Figure 1. Expression of hypoxia-inducible factor (HIF)-1α in spleen tissues of mice in the high-altitude spleen test (HST) group and in the plain spleen control (PSC) group. A, Western blot analysis of HIF-1α protein expression. B, Quantitative analysis of HIF-1α protein expression with the β-actin as standard. C, mRNA expression analysis of HIF-1α. Data are reported as means±SD (n=3). *P<0.05, ****P<0.0001 compared with PSC (Student's t-test). D, HE staining of mouse spleen tissue (scale bar 20 μm).

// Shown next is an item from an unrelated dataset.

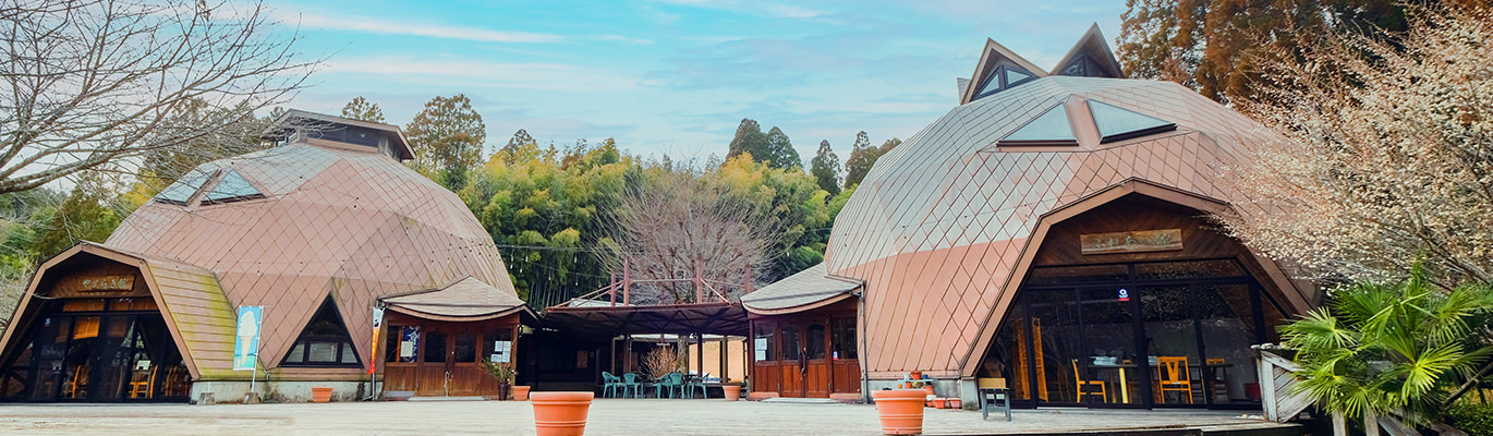 スイカとメロンをイメージした郷土料理レストラン「やすらぎ館」と物産品ギャラリー「ふれあい館」の2つのドームがあります。
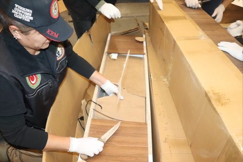Edirne İl Emniyet Müdürlüğü ile Gümrük Muhafaza Kaçakçılık ve İstihbarat Müdürlüğü ekiplerince Kapıkule Gümrük Kapısı’nda durdurulan TIR’larda yapılan aramalarda; 51 kutuda, 365 şeffaf paket içerisinde, 427 kilo 540 gram uyuşturucu ile 44 pakette toplam 66 kilo 400 gram uyuşturucu ham maddesi ele geçirildi. İpsala Gümrük Kapısı’nda durdurulan TIR’da yapılan detaylı incelemede de; televizyon ünitesinin boşluklarına yerleştirilmiş, 30 vakumlanmış, poşet içerisinde toplam 96 kilo 796 gram uyuşturucu bulundu.

Figure 2. Transcriptomic sequencing of samples from the high-altitude spleen test (HST) group and in the plain spleen control (PSC) group. A, Sequencing data error rate distribution. B, GC content distribution. C, Sample sequencing data filtering. D, Sample gene expression distribution. E, Differential gene Venn diagram. F, Peptide length range distribution map. G, Parent ion mass tolerance distribution. H, Distribution map of the number of unique peptides in identified proteins. I, Protein molecular weight distribution. GC content: ratio of quinine and cytosine among the four bases of DNA.

Figure 3. Gene expression analysis of mice in the high-altitude spleen test (HST) group and in the plain spleen control (PSC) group. A, Venn diagram of transcriptome and proteome expression regulation. all_tran represents all genes obtained from transcriptome, diff_tran represents differentially expressed genes identified from transcriptome, all_prot represents all proteins identified from proteome, diff_prot represents differentially expressed proteins identified from proteome. B, Bubble diagram of 95 prediction target gene. C, Association analysis of transcriptome and proteome expressions, each point in the graph represents a protein, green points represent proteins with significant differences in expression, blue points represent proteins with no significant differences in expression. D, Gene Ontology functional enrichment association analysis. E, Heat map of KEGG pathway enrichment clustering.

Figure 4. A-J, Relative expression of key genes in phospholipase D pathway and iron death pathway in mice in the high-altitude hypoxia (HST) group and in the plain normal oxygen (PSC) group (n=5/group). *P<0.05, **P<0.01, ***P<0.001 (Student's t-test). K, Enrichment plot: PHOSPHOLIPASE_D_SIGNALING_PATHWAY(MMU04072) Profile of the Running ES Score & Positions of GeneSet Members on the Rank Ordered List. L, Kegg advanced network diagram: purple circles represent pathways, red circles represent genes, black lines represent positive correlation. M, Enrichment plot: FERROPTOSIS(MMU04216) Profile of the Running ES Score & Positions of GeneSet Members on the Rank Ordered List.

Figure 5. A-C, Quantitative analysis of mRNA expression, protein expression levels, and protein expression of KIT and DGKG in phospholipase D signaling pathway with β-actin as standard in mice in the high-altitude spleen test (HST) group and in the plain spleen control (PSC) group (n=3/group). D-F, Quantitative analysis of mRNA expression, protein expression levels, and protein expression of key genes in the ferroptosis signaling pathway, using β-actin as the standard (n=3/group). *P<0.05, **P<0.01, ***P<0.001, ****P<0.0001 (Student's t-test). G, Ferroptosis signaling pathway.